For recoverable errors, MCEs are recorded in rasdaemon by the trace_mc_record
tracepoint. But not for fatal errors. See my experiment above.

> 
> GHES is something different: it is a fw glue around error reporting so
> that you don't have to develop a reporting driver for every platform but
> you can use a single one - only the fw glue needs to be added.
> 
> The problem with GHES is that it is notoriously buggy and currently
> it loads on a single platform only on x86.

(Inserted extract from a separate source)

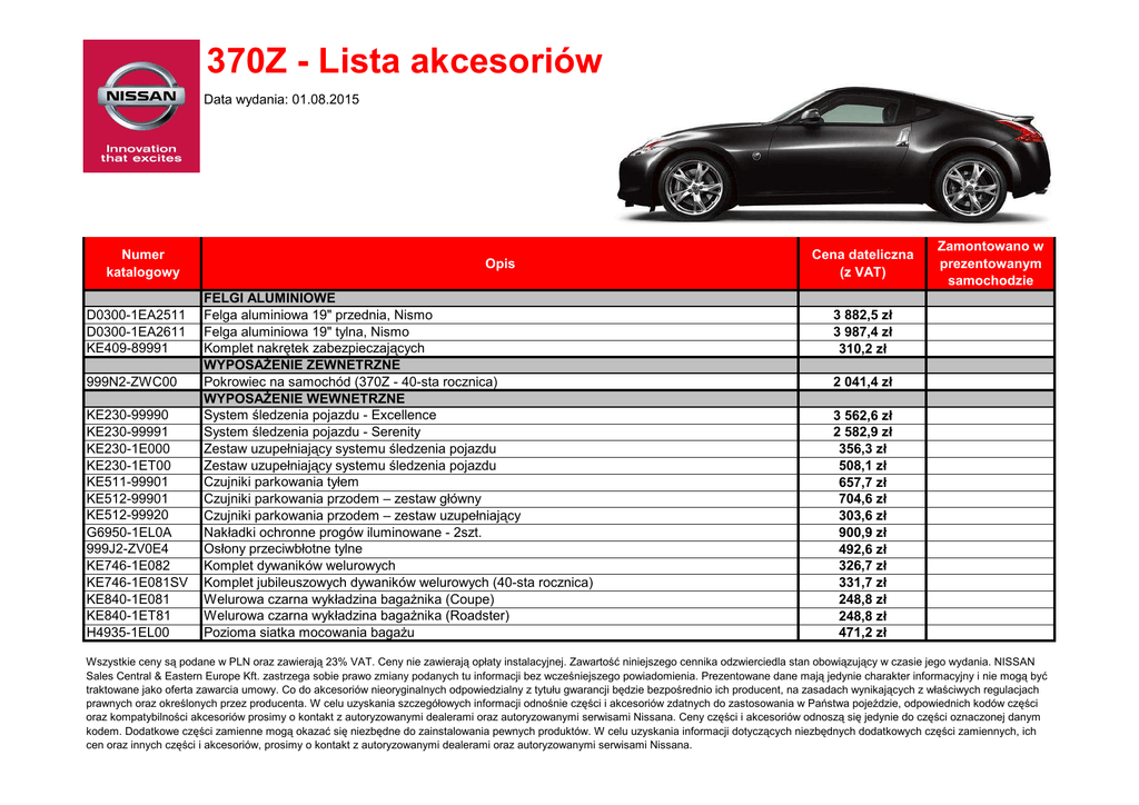 370Z - Lista akcesoriów Data wydania: 01.08.2015 Numer katalogowy D0300-1EA2511 D0300-1EA2611 KE409-89991 999N2-ZWC00 KE230-99990 KE230-99991 KE230-1E000 KE230-1ET00 KE511-99901 KE512-99901 KE512-99920 G6950-1EL0A 999J2-ZV0E4 KE746-1E082 KE746-1E081SV KE840-1E081 KE840-1ET81 H4935-1EL00 Opis FELGI ALUMINIOWE Felga aluminiowa 19" przednia, Nismo Felga aluminiowa 19" tylna, Nismo Komplet nakrętek zabezpieczających WYPOSAŻENIE ZEWNETRZNE Pokrowiec na samochód (370Z - 40-sta rocznica) WYPOSAŻENIE WEWNETRZNE System śledzenia pojazdu - Excellence System śledzenia pojazdu - Serenity Zestaw uzupełniający systemu śledzenia pojazdu Zestaw uzupełniający systemu śledzenia pojazdu Czujniki parkowania tyłem Czujniki parkowania przodem – zestaw główny Czujniki parkowania przodem – zestaw uzupełniający Nakładki ochronne progów iluminowane - 2szt. Osłony przeciwbłotne tylne Komplet dywaników welurowych Komplet jubileuszowych dywaników welurowych (40-sta rocznica) Welurowa czarna wykładzina bagażnika (Coupe) Welurowa czarna wykładzina bagażnika (Roadster) Pozioma siatka mocowania bagażu Cena dateliczna (z VAT) Zamontowano w prezentowanym samochodzie 3 882,5 zł 3 987,4 zł 310,2 zł 2 041,4 zł 3 562,6 zł 2 582,9 zł 356,3 zł 508,1 zł 657,7 zł 704,6 zł 303,6 zł 900,9 zł 492,6 zł 326,7 zł 331,7 zł 248,8 zł 248,8 zł 471,2 zł Wszystkie ceny są podane w PLN oraz zawierają 23% VAT. Ceny nie zawierają opłaty instalacyjnej. Zawartość niniejszego cennika odzwierciedla stan obowiązujący w czasie jego wydania. NISSAN Sales Central & Eastern Europe Kft. zastrzega sobie prawo zmiany podanych tu informacji bez wcześniejszego powiadomienia. Prezentowane dane mają jedynie charakter informacyjny i nie mogą być traktowane jako oferta zawarcia umowy. Co do akcesoriów nieoryginalnych odpowiedzialny z tytułu gwarancji będzie bezpośrednio ich producent, na zasadach wynikających z właściwych regulacjach prawnych oraz określonych przez producenta. W celu uzyskania szczegółowych informacji odnośnie części i akcesoriów zdatnych do zastosowania w Państwa pojeździe, odpowiednich kodów części oraz kompatybilności akcesoriów prosimy o kontakt z autoryzowanymi dealerami oraz autoryzowanymi serwisami Nissana. Ceny części i akcesoriów odnoszą się jedynie do części oznaczonej danym kodem. Dodatkowe części zamienne mogą okazać się niezbędne do zainstalowania pewnych produktów. W celu uzyskania informacji dotyczących niezbędnych dodatkowych części zamiennych, ich cen oraz innych części i akcesoriów, prosimy o kontakt z autoryzowanymi dealerami oraz autoryzowanymi serwisami Nissana.

As far as I know, GHES is wildly used on ARM platfrom and it is the primary
method to dliver error record from firmware to OS.

> 
> ARM are doing something in that area - you're better off talking to
> James Morse about it. And he's on Cc.

Thanks.

> 
>> To serialize hardware error information available for post-mortem
>> debugging:
>> - add support to save APEI error record into flash via ERST before go panic,
>> - add support to retrieve MCE or APEI error record from the flash and emit
>> the related tracepoint after system boot successful again so that rasdaemon
>> can collect them
> 
> Now that is yet another thing: you want to save error records into
> firmware. First of all, you don't really need it if you do kdump as
> explained above.
> 
> Then, that thing has its own troubles: it is buggy like every firmware
> is and it can brick the machine.
> 
> I'm not saying it is not useful - there are some use cases for it which
> are being worked on but if all you wanna do is dump MCEs to rasdaemon,
> that works even now.
> 
> But then you have an ARM patch there and I'm confused because MCEs are
> x86 thing - ARM has different stuff.
> 
> So I think you need to elaborate more here.


Yes, may I need to split this patchset into two parts.

> 
> Thx.
> 


Thanks for valuable comments.

Best Regards,
Shuai